Я оставил себе про запас пять минут и отправился бодро назад, потому что решил чертов дом обогнуть и увидеть багровый закат. Но за ним дом за домом в неправильный ряд, словно мысли в ночные часы, заслоняли не только искомый закат, но и синий разбег полосы. И тогда я спокойно пошел на вокзал, но глазами искал высоты, и в прорехах меж крыш находили глаза ярко-синих небес лоскуты. Через сорок минут мы сидели в купе. Наш попутчик мурыжил кроссворд. Он спросил, может, знаем поэта на п и французский загадочный порт. Что-то Пушкин не лезет, он тихо сказал, он сказал озабоченно так, что я вспомнил Марсель, а коллега достал колбасу и сказал: Пастернак. И кругами потом колбасу нарезал на помятом газетном листе, пропустив, как за шторами дрогнул вокзал, побежали огни в темноте. И изнанка Москвы в бледном свете дурном то мелькала, то тихо плыла - между ночью и вечером, явью и сном, как изнанка Уфы иль Орла. Околдованный ритмом железных дорог, переброшенный в детство свое, я смотрел, как в чаю умирал сахарок, как попутчики стелят белье. А когда я лежал и лениво следил, как пейзаж то нырял, то взлетал, белый-белый огонь мне лицо осветил, встречный свистнул и загрохотал. Мертвых фабрик скелеты, село за селом, пруд, блеснувший как будто свинцом, напрягая глаза, я ловил за стеклом, вместе с собственным бледным лицом. А потом все исчезло, и только экран осциллографа тускло горел, а на нем кто-то дальний огнями играл и украдкой в глаза мне смотрел.
Так лежал я без сна то ли час, то ли ночь, а потом то ли спал, то ли нет, от заката экспресс увозил меня прочь, прямиком на грядущий рассвет. Обессиленный долгой неясной борьбой, прикрывал я ладонью глаза, и тогда сквозь стрекочущий свет голубой ярко-синяя шла полоса. Неподвижно я мчался в слепящих лучах, духота набухала в виске, просыпался я сызнова и изучал перфорацию на потолке.
А внизу наш попутчик тихонько скулил, и болталась его голова. Он вчера с грустной гордостью нам говорил, что почти уже выбил средства, а потом машинально жевал колбасу на неблизком обратном пути, чтоб в родимое СМУ, то ли главк, то ли СУ в срок доставить вот это почти. Удивительной командировки финал я сейчас наблюдал с высоты, и в чертах его с легким смятеньем узнал своего предприятья черты. Дело в том, что я все это знал наперед, до акцентов и до запятых: как коллега, ворча, объектив наведет - вековечить красу нищеты, как запнется асфальт и начнутся грунты, как пельмени в райпо завезут, а потом, к сентябрю, пожелтеют листы, а потом их снега занесут. А потом ноздреватым, гнилым, голубым станет снег, узловатой водой, влажным воздухом, ветром апрельским больным, растворенной в эфире бедой. И мне деньги платили за то, что сюжет находил я у всех на виду, а в орнаменте самых банальных примет различал и мечту и беду. Но мне вовсе не надо за тысячи лье в наутилусе этом трястись, наблюдать с верхней полки в казенном белье сквозь окошко вселенскую слизь, потому что - опять и опять повторю - эту бедность, и прелесть, и грусть, как листы к сентябрю, как метель к ноябрю, знаю я наперед, наизусть.
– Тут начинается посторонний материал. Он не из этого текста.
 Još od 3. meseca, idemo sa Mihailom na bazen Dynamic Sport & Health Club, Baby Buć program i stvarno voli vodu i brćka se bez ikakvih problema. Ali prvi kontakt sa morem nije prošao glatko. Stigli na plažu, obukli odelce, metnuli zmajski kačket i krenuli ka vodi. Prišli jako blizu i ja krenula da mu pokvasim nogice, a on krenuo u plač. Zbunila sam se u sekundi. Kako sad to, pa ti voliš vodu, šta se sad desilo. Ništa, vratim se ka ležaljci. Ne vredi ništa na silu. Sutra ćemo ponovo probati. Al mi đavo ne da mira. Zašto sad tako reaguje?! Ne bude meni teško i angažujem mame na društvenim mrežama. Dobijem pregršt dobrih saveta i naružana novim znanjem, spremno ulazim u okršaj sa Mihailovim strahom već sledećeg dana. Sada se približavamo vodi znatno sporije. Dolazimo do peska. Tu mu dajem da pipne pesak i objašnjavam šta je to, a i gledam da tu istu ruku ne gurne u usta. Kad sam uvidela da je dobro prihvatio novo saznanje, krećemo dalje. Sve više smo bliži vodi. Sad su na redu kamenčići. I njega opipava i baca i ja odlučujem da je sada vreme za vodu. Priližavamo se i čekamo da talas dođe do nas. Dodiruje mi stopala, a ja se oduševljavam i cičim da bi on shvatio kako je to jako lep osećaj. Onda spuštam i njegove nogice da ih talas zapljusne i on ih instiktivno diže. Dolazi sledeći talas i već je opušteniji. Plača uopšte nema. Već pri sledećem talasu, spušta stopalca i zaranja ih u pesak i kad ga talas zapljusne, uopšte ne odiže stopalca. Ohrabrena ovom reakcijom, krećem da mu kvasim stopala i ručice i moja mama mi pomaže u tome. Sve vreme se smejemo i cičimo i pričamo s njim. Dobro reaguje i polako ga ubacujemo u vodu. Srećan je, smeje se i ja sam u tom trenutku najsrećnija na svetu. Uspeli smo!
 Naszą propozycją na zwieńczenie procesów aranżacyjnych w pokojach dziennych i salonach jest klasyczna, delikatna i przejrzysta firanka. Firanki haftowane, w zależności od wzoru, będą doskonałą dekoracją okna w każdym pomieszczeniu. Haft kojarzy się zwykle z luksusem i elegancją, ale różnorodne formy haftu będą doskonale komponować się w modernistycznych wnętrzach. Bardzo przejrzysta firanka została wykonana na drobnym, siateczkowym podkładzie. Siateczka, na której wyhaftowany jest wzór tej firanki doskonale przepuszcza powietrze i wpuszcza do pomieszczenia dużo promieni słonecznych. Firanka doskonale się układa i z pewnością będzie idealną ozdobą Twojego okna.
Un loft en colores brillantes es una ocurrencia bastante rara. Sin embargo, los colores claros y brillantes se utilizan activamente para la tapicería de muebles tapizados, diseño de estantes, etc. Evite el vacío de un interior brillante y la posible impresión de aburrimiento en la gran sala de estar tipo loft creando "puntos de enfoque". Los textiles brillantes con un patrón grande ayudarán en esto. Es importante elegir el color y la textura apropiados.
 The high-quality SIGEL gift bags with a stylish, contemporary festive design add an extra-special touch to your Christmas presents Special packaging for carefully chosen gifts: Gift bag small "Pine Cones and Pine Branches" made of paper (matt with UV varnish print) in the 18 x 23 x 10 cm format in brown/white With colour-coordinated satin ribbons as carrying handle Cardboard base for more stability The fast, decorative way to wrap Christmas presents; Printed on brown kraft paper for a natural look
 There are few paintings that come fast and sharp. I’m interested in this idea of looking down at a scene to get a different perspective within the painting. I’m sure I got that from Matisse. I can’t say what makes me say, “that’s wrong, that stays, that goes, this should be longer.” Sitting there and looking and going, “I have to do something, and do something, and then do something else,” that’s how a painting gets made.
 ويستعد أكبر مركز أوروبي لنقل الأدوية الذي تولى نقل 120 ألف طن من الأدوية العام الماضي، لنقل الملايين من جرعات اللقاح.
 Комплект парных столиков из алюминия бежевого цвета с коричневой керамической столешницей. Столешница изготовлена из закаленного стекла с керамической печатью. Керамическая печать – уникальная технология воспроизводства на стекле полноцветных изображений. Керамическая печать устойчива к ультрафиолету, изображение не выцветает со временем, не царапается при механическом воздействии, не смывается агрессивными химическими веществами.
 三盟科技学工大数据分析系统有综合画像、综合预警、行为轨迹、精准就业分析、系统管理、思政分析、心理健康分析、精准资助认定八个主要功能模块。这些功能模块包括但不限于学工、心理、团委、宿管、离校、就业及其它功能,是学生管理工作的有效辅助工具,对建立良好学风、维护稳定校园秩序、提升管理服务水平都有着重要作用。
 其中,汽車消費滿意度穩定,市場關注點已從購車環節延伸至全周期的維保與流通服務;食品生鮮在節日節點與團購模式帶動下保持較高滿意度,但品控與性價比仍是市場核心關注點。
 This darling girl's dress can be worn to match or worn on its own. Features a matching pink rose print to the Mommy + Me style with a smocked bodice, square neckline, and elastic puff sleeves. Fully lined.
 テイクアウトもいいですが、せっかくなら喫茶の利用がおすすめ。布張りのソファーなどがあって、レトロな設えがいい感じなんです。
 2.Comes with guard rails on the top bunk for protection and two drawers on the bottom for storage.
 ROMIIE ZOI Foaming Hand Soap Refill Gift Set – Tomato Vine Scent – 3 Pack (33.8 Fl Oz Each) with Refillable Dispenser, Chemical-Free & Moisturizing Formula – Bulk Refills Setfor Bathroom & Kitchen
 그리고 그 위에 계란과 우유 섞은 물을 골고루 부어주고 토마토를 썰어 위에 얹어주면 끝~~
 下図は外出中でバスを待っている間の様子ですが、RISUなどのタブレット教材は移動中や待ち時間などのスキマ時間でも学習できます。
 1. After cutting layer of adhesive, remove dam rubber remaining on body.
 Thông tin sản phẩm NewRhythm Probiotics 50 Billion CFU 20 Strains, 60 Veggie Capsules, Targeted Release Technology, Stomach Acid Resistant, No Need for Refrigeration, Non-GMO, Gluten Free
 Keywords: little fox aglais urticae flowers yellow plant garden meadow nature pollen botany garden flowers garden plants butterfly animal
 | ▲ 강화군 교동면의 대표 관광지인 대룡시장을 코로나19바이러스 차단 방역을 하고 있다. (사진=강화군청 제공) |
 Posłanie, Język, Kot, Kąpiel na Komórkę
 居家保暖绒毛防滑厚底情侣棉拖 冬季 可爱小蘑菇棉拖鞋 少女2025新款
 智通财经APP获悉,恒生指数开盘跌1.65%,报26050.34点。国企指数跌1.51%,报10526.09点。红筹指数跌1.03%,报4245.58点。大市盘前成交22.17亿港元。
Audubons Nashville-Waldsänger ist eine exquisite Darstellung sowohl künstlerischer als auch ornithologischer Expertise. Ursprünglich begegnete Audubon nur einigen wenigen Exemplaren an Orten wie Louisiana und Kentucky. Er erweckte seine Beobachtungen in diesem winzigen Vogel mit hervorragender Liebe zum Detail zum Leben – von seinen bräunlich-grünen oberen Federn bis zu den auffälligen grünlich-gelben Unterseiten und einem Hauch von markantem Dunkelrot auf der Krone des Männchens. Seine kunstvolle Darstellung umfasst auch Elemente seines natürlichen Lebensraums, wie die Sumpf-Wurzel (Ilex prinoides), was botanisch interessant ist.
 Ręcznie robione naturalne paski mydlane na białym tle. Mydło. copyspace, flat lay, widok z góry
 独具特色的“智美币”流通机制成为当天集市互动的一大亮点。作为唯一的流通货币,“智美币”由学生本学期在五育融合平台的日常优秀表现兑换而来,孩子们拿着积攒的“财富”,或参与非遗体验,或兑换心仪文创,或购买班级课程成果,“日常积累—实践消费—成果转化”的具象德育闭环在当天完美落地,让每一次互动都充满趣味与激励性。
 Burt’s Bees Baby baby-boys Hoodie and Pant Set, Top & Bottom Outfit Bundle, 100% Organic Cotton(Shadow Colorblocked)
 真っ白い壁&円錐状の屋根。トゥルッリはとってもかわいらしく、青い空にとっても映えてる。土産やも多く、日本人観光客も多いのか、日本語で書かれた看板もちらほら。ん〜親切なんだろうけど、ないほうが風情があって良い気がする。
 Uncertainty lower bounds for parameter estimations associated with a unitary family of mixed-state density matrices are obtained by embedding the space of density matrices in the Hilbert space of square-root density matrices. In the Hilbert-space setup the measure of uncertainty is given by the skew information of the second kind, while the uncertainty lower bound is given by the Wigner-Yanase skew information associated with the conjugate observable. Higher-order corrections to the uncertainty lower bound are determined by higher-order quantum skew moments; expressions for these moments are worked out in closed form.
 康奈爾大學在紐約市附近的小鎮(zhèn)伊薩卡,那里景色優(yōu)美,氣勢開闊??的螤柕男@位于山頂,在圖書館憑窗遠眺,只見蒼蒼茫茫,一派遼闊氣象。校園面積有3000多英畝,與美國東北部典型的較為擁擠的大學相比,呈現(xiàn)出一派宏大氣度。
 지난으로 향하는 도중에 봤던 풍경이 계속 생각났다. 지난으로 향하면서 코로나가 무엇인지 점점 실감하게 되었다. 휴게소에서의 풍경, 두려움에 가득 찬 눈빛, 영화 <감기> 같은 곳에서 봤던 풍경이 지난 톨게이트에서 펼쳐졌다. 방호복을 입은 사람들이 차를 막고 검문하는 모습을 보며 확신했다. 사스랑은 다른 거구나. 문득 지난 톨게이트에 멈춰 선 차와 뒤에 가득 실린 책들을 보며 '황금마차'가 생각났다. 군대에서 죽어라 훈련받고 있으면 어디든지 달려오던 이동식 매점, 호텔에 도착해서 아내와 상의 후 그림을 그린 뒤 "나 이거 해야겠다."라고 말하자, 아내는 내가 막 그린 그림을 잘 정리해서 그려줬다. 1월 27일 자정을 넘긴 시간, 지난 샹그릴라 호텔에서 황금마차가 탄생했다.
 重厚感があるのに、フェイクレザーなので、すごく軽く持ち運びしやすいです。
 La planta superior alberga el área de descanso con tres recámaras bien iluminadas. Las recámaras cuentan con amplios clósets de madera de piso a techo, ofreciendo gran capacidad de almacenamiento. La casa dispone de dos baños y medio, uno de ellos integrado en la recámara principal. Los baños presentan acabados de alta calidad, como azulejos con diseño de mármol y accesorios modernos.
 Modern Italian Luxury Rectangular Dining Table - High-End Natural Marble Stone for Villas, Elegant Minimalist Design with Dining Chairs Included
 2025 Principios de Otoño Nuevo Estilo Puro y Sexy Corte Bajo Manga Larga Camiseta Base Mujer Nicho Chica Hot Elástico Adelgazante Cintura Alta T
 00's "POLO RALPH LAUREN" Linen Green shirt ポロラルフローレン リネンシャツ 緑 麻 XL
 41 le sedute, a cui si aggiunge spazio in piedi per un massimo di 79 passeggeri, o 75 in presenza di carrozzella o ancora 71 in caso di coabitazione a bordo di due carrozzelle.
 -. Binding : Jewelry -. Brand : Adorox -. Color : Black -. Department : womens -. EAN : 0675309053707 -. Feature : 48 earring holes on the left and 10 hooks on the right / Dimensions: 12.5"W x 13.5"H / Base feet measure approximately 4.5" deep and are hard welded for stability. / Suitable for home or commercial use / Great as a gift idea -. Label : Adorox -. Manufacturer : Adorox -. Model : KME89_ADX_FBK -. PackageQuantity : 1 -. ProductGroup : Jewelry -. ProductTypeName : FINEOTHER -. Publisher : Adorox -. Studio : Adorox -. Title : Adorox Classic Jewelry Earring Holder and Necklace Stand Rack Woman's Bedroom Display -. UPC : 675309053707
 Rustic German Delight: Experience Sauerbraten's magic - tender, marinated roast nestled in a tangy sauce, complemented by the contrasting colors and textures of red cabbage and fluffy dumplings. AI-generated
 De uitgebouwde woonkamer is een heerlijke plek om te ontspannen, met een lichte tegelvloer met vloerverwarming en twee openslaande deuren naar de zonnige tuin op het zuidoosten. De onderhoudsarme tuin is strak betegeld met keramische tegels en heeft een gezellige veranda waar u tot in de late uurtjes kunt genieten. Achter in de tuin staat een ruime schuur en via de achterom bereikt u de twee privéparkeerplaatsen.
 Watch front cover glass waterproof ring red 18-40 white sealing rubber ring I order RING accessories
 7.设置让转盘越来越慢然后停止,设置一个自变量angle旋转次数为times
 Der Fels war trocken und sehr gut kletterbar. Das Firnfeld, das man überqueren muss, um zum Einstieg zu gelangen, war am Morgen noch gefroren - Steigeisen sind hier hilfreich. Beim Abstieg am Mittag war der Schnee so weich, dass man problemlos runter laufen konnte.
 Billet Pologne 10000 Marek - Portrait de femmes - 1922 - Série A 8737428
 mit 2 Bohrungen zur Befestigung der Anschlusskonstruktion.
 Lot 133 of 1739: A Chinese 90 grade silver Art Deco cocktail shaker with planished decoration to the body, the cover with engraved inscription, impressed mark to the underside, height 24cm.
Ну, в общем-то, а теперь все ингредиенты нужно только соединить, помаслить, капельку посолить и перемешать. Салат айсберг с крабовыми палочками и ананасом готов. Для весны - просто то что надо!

Там трамваи, как в детстве, как едешь с отцом, треугольный пакет молока, в небесах - облака с человечьим лицом, с человечьим лицом облака. Опрокинутым лесом древесных корней щеголяет обрыв над рекой - назови это родиной, только не смей легкий прах потревожить ногой. И какую пластинку над ним ни крути, как ни морщись, покуда ты жив, никогда, никогда не припомнишь мотив, никогда не припомнишь мотив.
Так я думал впотьмах, а коллега мой спал - не сипел, не свистел, не храпел, а вчера-то гордился, губу поджимал, говорил - предпочел бы расстрел. И я свесился, в морду ему заглянул - он лежал, просветленный во сне, словно он понял всё, всех простил и заснул. Вид его не понравился мне. Я спустился - коллега лежал не дышал. Я на полку напротив присел, и попутчик, свернувшись, во сне заворчал, а потом захрапел, засвистел... Я сидел и глядел, и усталость - не страх! - разворачивалась в глубине, и иконопись в вечно брюзжащих чертах прояснялась вдвойне и втройне. И не мог никому я хоть чем-то помочь, сообщить, умолчать, обмануть, и не я - машинист гнал экспресс через ночь, но и он бы не смог повернуть.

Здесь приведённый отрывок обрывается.